Worry came if bullets punctured the top of the blimp. A hole in the top meant the helium could escape and the blimp would drop.

At times of radio silence during missions, the blimps used pigeons to communicate their findings to shore. Cook recalls one pigeon being released far from shore.

Headquarters later wanted to know why the blimp had never contacted base during radio silence. Upon returning to base, the blimp crew discovered the pigeon had perched on the blimp’s tail, having apparently refused to fly over so much ocean.

Cook flew numerous missions from 1943 through about Christmas 1944.

By then, with the Allied invasion pushing from the west and the Russians pushing from the east, Germany could ill afford the submarine program off of America’s coast. As the submarine threat faltered, the blimp surveillance program disbanded and its crews were assigned other duties.

Before Cook could leave for an assignment in the Pacific, a diagnosis of hypoglycemia sidelined him until the end of the war.

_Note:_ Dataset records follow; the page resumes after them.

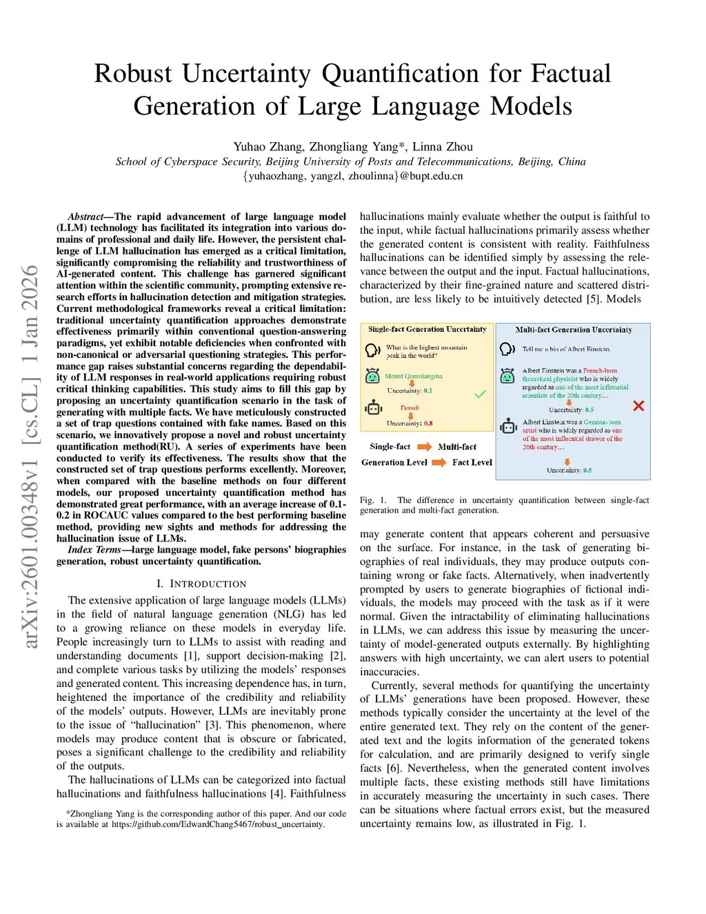 The rapid advancement of large language model(LLM) technology has facilitated its integration into various domains of professional and daily life. However, the persistent challenge of LLM hallucination has emerged as a critical limitation, significantly compromising the reliability and trustworthiness of AI-generated content. This challenge has garnered significant attention within the scientific community, prompting extensive research efforts in hallucination detection and mitigation strategies. Current methodological frameworks reveal a critical limitation: traditional uncertainty quantification approaches demonstrate effectiveness primarily within conventional question-answering paradigms, yet exhibit notable deficiencies when confronted with non-canonical or adversarial questioning strategies. This performance gap raises substantial concerns regarding the dependability of LLM responses in real-world applications requiring robust critical thinking capabilities. This study aims to fill this gap by proposing an uncertainty quantification scenario in the task of generating with multiple facts. We have meticulously constructed a set of trap questions contained with fake names. Based on this scenario, we innovatively propose a novel and robust uncertainty quantification method(RU). A series of experiments have been conducted to verify its effectiveness. The results show that the constructed set of trap questions performs excellently. Moreover, when compared with the baseline methods on four different models, our proposed method has demonstrated great performance, with an average increase of 0.1-0.2 in ROCAUC values compared to the best performing baseline method, providing new sights and methods for addressing the hallucination issue of LLMs.
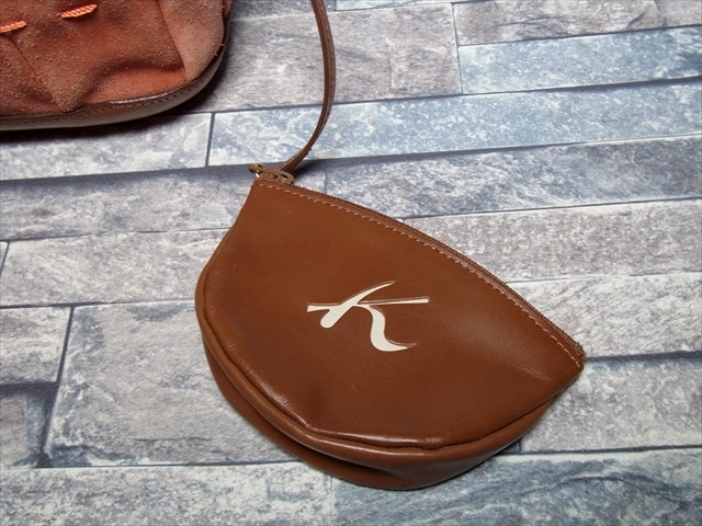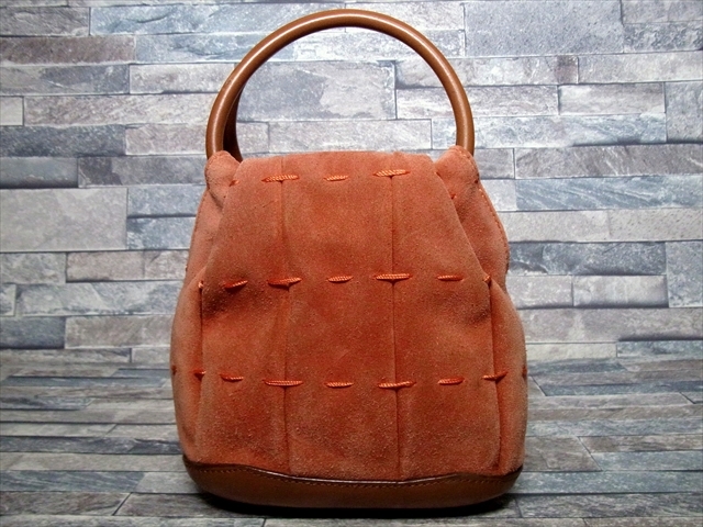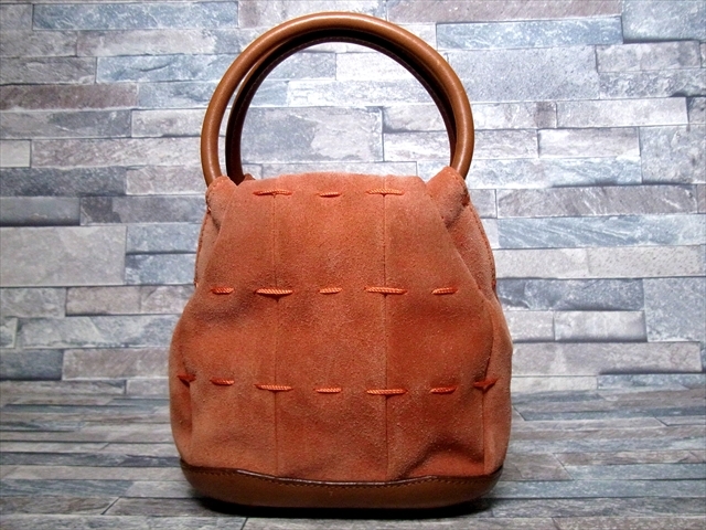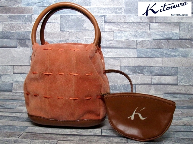 KITAMURA キタムラ スエード レザー ハンドバッグ ポーチ 茶 ブラウン 橙 オレンジ 横浜元町 | ||
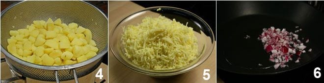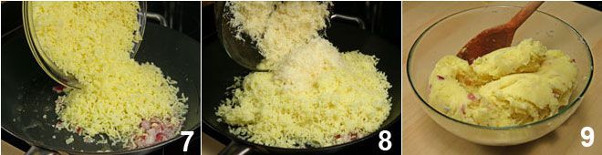 ajoutez les pommes de terre écrasées 7 et le fromage râpé 8, faites cuire quelques instants puis transférez dans un saladier 9
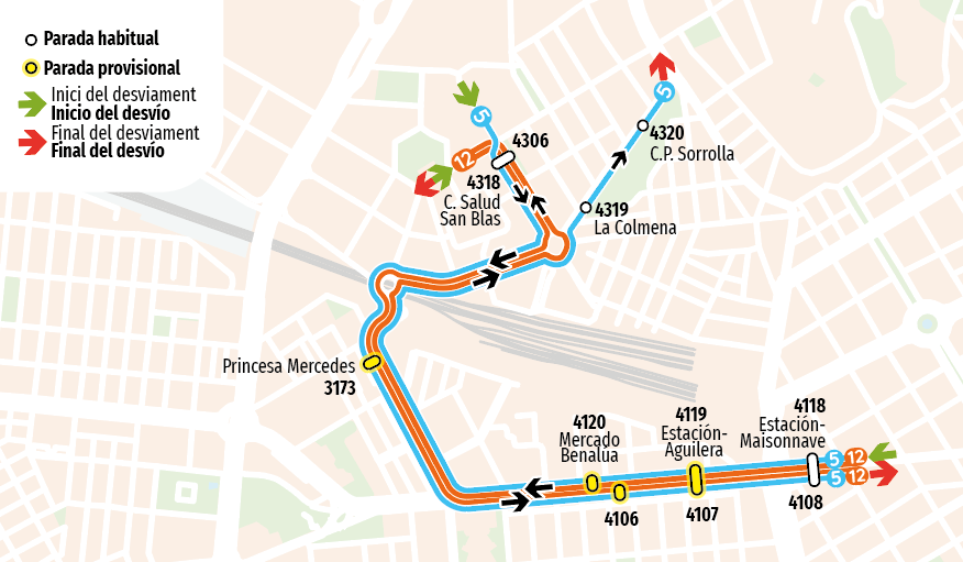 Desde Av. Maisonnave continua por Av. Aguilera, C/ Princesa Mercedes, C/ Ausó y Monzó, C/ Capitán Gral. Gutiérrez Mellado, recuperando su recorrido habitual.
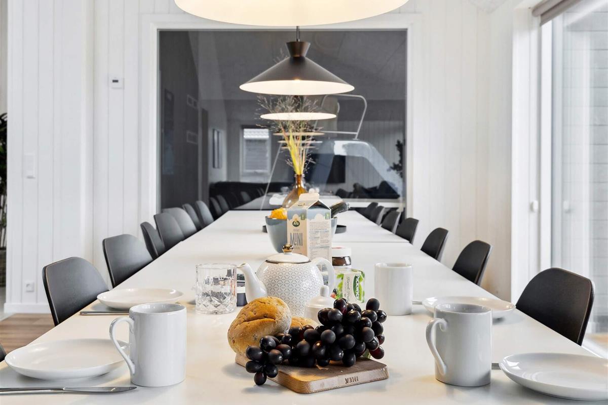 Das Kochteam kann die große Küche im Wohnzimmer nutzen, die mit zahlreichen Kochutensilien ausgestattet ist. Alternativ können Sie auch auf der Terrasse grillen. Ihre Mahlzeiten können Sie am langen Esstisch drinnen oder draußen genießen. Nach dem Essen können Sie auf dem Trampolin springen, Fußball oder Basketball spielen oder draußen auf dem Mehrzweckplatz toben.
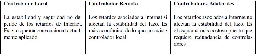 Una tercera configuración utiliza dos controladores, uno local que puede ser usado por ejemplo para asegurar la estabilidad y seguridad de la planta y otro remoto usado para optimizar la referencia del lazo. Este esquema es mostrado en la Figura 7 y en la Tabla 2 se muestra una comparación entre los distintos esquemas.
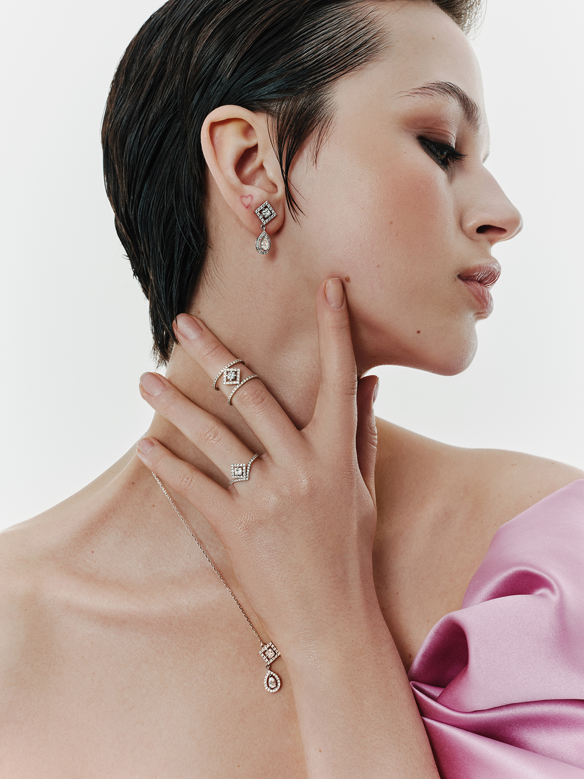 Кожна прикраса бренду — це результат ювелірної точності, досвіду та любові до справжнього мистецтва. Наші майстри вміють підкреслити природну красу діаманта, створюючи гармонію форми, блиску та світла.
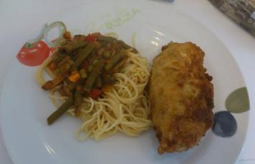 Zutaten für Personen Bild einstellen 4 Stück Hähnchenbrust, paniert und feritg gebacken 1 mittelgrosse Zwiebel, gehackt 4 Zehen Knoblauch, fein gehackt 500 ml passierte Tomaten 100 g Italienische Kräuter TK 50 g grüne Bohn [...]
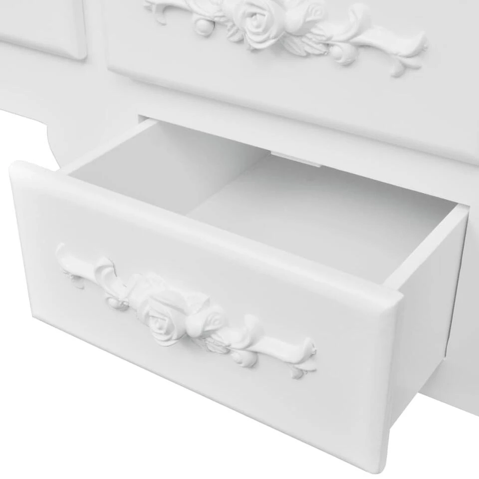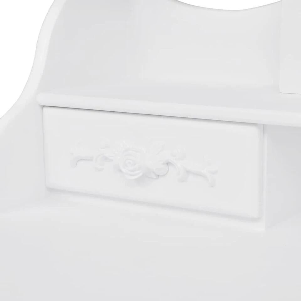 Deze mooie kaptafel met kruk is gemaakt van hoogwaardig hout. De Victoriaanse stijl en de mooie witte afwerking geven een vleugje elegantie en schoonheid aan je slaapkamer.
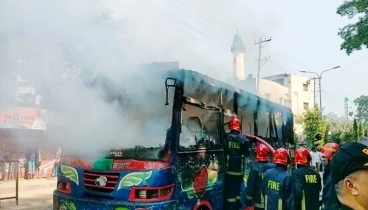 রাজধানীর নতুন বাজারে যাত্রীবাহী বাসে আগুন
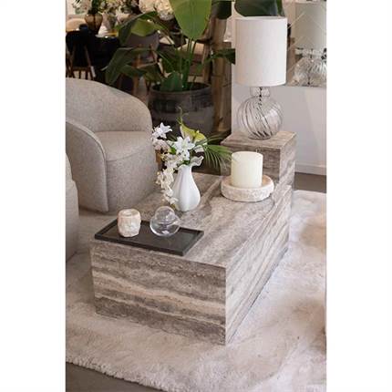 Phantom bordet har 4 sider og en top. Bordet er således åben i bunden, og er derfor ikke justerbar. Bordet er et naturprodukt, som betyder at hvert bord har sit eget unikke design - det betyder at hver marmorplade er forskelligt i udtryk.
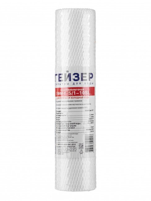Картридж ПФМ-Г 5/1 10SL предназначен для очистки горячей воды от нерастворимых примесей. В отличие от PP обладают градиентной пористостью: диаметр поры уменьшается при движении воды внутрь картриджа, позволяя работать всему объему фильтрующего материала. У картриджей есть модификации для горячей воды. Не восстанавливаются и не регенерируется.
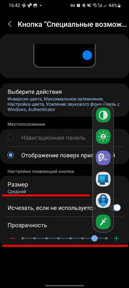 Выбранные вами опции будут доступны в виде небольшого плавающего окна или кнопки, доступных на любом экране. Предусмотрена возможность менять прозрачность элементов, а также их размер.
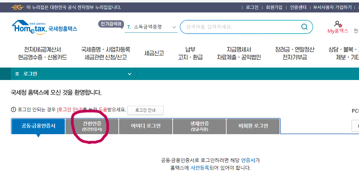 아래 링크를 클릭하시면 홈택스로 연결됩니다.
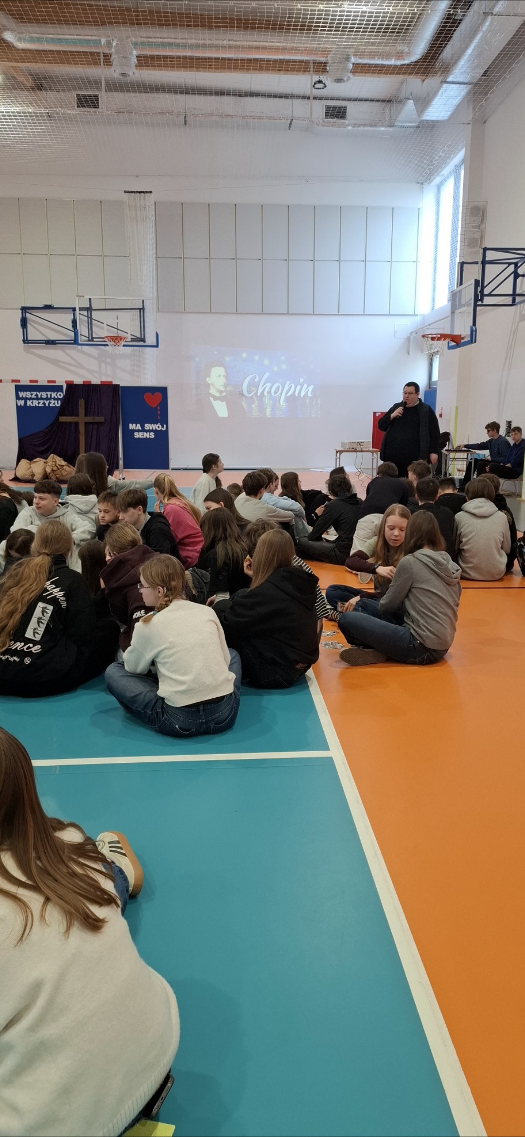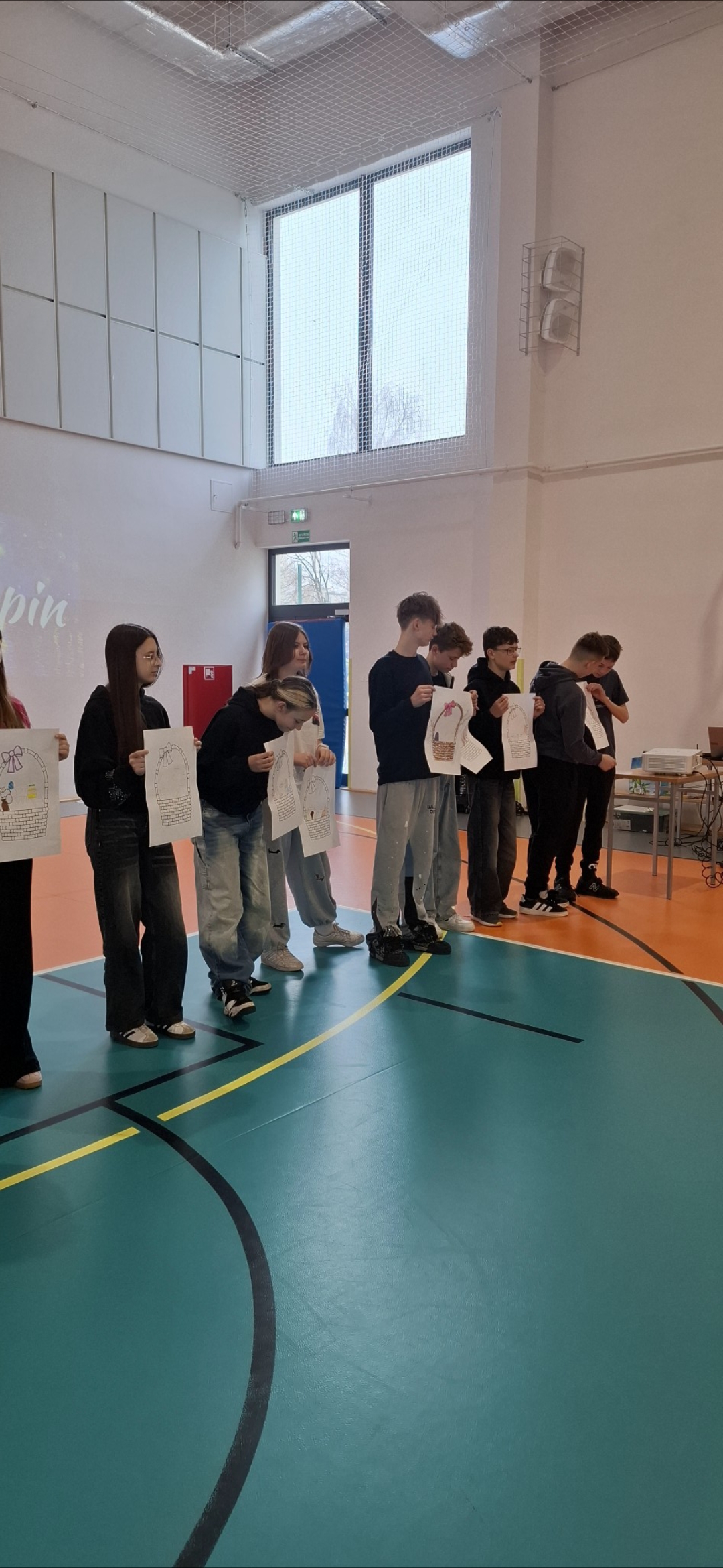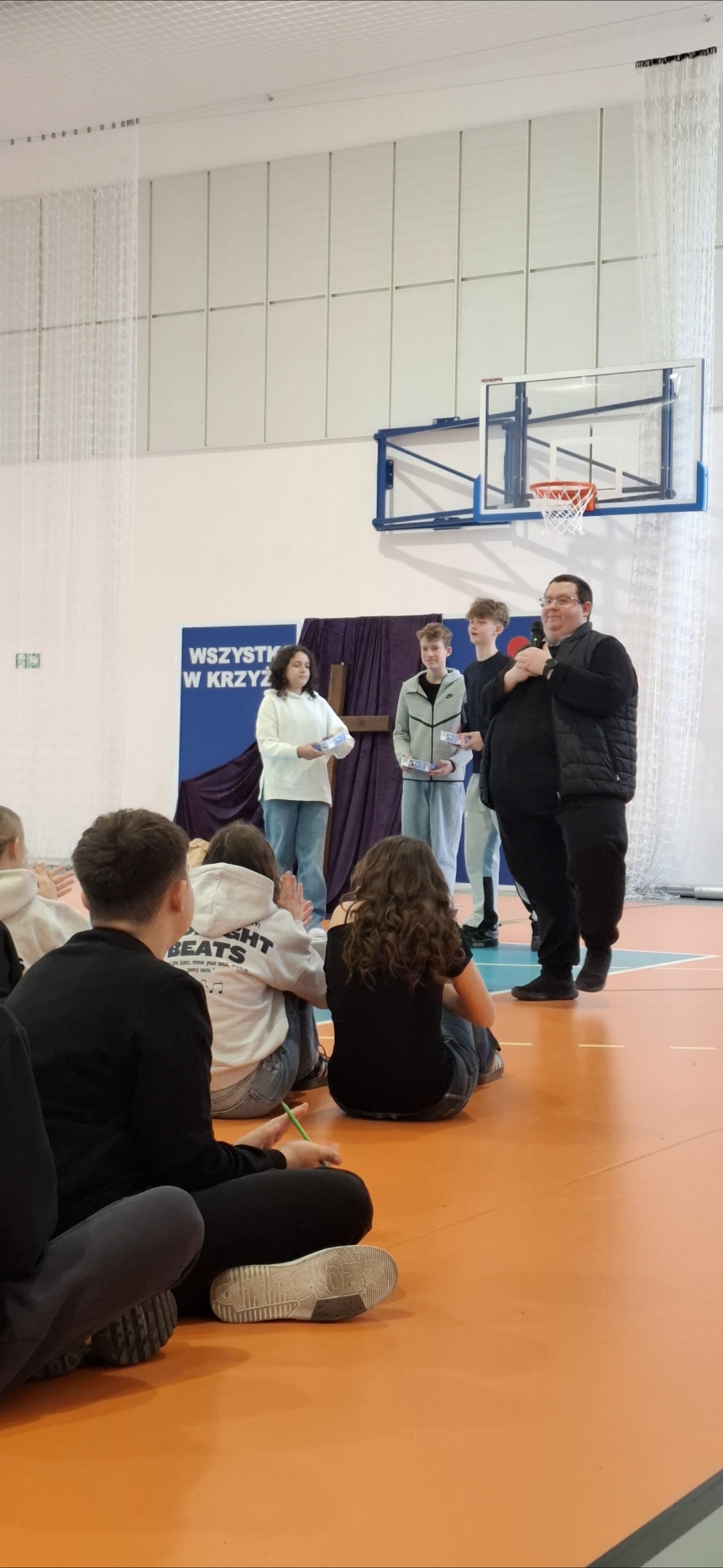 Spotkanie rozpoczęliśmy od wymownego symbolu pustego koszyka. Następnie tradycja spotkała się z technologią – uczniowie zmierzyli się w emocjonującym quizie Kahoot!, sprawdzając swoją wiedzę o nabożeństwach wielkopostnych.

After the war, Cook continued his education, including earning a doctorate, eventually teaching English at Valdosta State.

As for the war, Cook remains philosophical 70 years after its conclusion.

“I had never met a German or a person from Japan so I had no animosity toward them,” Cook said, “but some of the men I served with, I didn’t like.”

As for blimps, he has no interest in climbing aboard one, even if offered.

“I prefer being on the ground,” he said. “I have no interest in doing it again. Been there. Done that.”